If there are objects in the recyclebin then perform

Sqlplus / as sysdba
PURGE DBA_RECYCLEBIN
/

This will remove recyclebin objects, otherwise during CSALTER an ORA-38301 may be seen.

7.h) Check if the compatible parameter is set to your base version

Sqlplus / as sysdba
sho parameter compatible

Do not try to migrate for example an 10g database with compatible=9.2

8) After any "Lossy" is solved, "Truncation" data is planned to be addressed and/or "Convertible" exported / truncated / addressed and point 7) is ok run Csscan again as final check.

$ csscan \"sys/<syspassword>@<TNSalias> as sysdba\" FULL=Y TOCHAR=AL32UTF8 LOG=TOUTF8FIN CAPTURE=Y ARRAY=1000000 PROCESS=2

8.a) For 8i/9i the Csscan output needs to be "Changeless" for all CHAR, VARCHAR2, CLOB and LONG data (Data Dictionary and User/Application data).

In order to use "Alter Database Character Set" you need to see in the toutf8fin.txt file under [Scan Summary] this message::

All character type data in the data dictionary remain the same in the new character set
All character type application data remain the same in the new character set

If this is NOT seen in the toutf8fin.txt then this means something is missed or not all steps in this note are followed.
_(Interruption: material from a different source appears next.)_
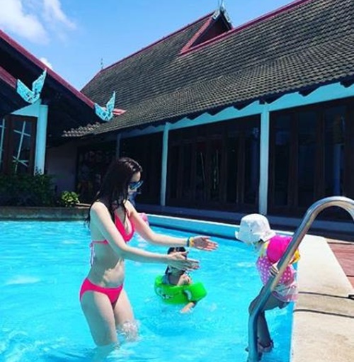 공개된 사진 속에는 휴양지의 한 수영장에서 딸과 물놀이를 즐기는 정가은의 모습이 담겨있다. 정가은은 핫핑크 비키니를 입고 딸을 보며 환하게 웃고 있다.

Ignoring this WILL lead to datacorruption.
If this is seen, then continue in step 9)

8.b) For 10g and up the Csscan output needs to be

* "Changeless" for all CHAR VARCHAR2, and LONG data (Data Dictionary and User/Application data )
* "Changeless" for all User/Application data CLOB
* "Changeless" and/or "Convertible" for all Data Dictionary CLOB

And in order to run Csalter you need to see in the toutf8fin.txt file under [Scan Summary] these 2 messages:

All character type application data remain the same in the new character set

and under [Data Dictionary Conversion Summary] this message:

The data dictionary can be safely migrated using the CSALTER script

You need to see BOTH, the Csalter message alone is NOT enough.

Note the difference between "All character type application data remain the same in the new character set" and "All character type application data are convertible to the new character set".
If you see "All character type application data are convertible to the new character set" then Csalter will NOT work.

If you run Csalter without these conditions met then you will see messages like " Unrecognized convertible data found in scanner result " or "Exceptional data found in scanner result" and " Checking or Converting phrase did not finish successfully No database (national) character set will be altered " in the Csalter output.
Csalter will NOT work and say " CSALTER finished unsuccessfully."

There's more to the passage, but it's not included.